Starts with a zero vector and sets 1 to the corresponding index of the word if present in the text.

Ex:
This is the best day ever.
This is the best laptop here.

Vocabulary: {‘this’, ‘is’, ‘the’, ‘best’, ‘day’, ‘laptop’, ‘ever’, ‘here’}

Binary encoding for “this is the best” is [1,1,1,1,0,0,0,0]

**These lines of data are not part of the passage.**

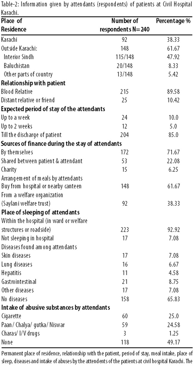 Table-2 shows the results for the responses of attendants with the patients admitted in CHK. As shown in the table, few attendants were from Karachi itself, majority being from outside Karachi i.e cities or villages in other parts of the sindh province of Pakistan. Only 8% of the attendants were from Baluchistan. Regarding the relationship of the attendant with the patient, this is shown in Table-2, and considering the culture in our part of the world, it is not surprising that nearly 90% were blood relatives. Table-2 also shows the duration of stay of the attendants with the patient, at CHK. Most of them were with the patient till he or she was discharged from the hospital and they supported all expenditures, such as food etc for themselves. The Saylani Welfare Trust (a local Nongovernmental organization, NGO) was supportive to the patient attendants, as it provided food to less than 50% of the total attendants of the patient. However, there was no help from government or NGO regarding shelter for the attendants, mostly from outside Karachi. Therefore they slept under the open sky, either within CHK or road side outside CHK; this was very disturbing to most of them. The attendants were afflicted with a number of diseases and were taking abusive substances; these have been described in detail in Table-2.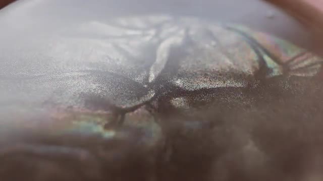 Rainbows ripply across misty and foggy water as the light from a sunset comes in. Various patterns form in the wispy clouds of steam.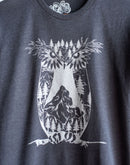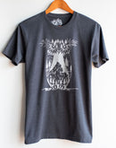 Gorgeous trompe d'oeuil print. From afar, you see an owl, but close up is a fantastically detailed mountain scene. Makes a great addition to a t-shirt collection!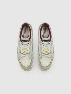 Low top sneakers. Leather upper. Leather overlays around the toe, eyelet panels, collar, and heel counter. Front lacing. Leather tongue. Leather logo patches on the side panels. Stamped logo on the heel. Rubber midsole. Rubber outsole. Discolored accents all throughout. – Leather upper. SKU: 38423701
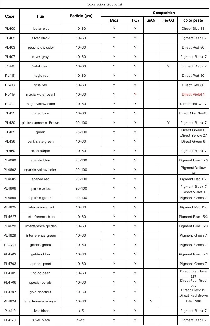 Below is our Color Series Pearlescent Pigment .We also supply Crystal Silver white series, Crystal gold series , Interference Series , Diamond Dragon Pearlescent Pigment series, Chameleon , Optically Variable pigments ,also other natural mica or Synthetic mica or glass substrate pearlescent pigments in other pages , welcome to enquiry!

  this is the best day laptop ever here
1this 1 0 0 0 0 0 0 0
1is 0 1 0 0 0 0 0 0
1the 0 0 1 0 0 0 0 0
1best 0 0 0 1 0 0 0 0
1day 0 0 0 0 1 0 0 0
1laptop 0 0 0 0 0 1 0 0
1ever 0 0 0 0 0 0 1 0
1here 0 0 0 0 0 0 0 1

One-hot representation for encoding the sentences “This is the best day ever” and “This is the best laptop here”

TF Representation

TF Representation is the sum of one-hot representations of each word in the sentence. The sentence “This here is the best laptop this day” using the previous one-hot encoding would give the encoding [2, 1, 1, 1, 1, 1, 0, 1].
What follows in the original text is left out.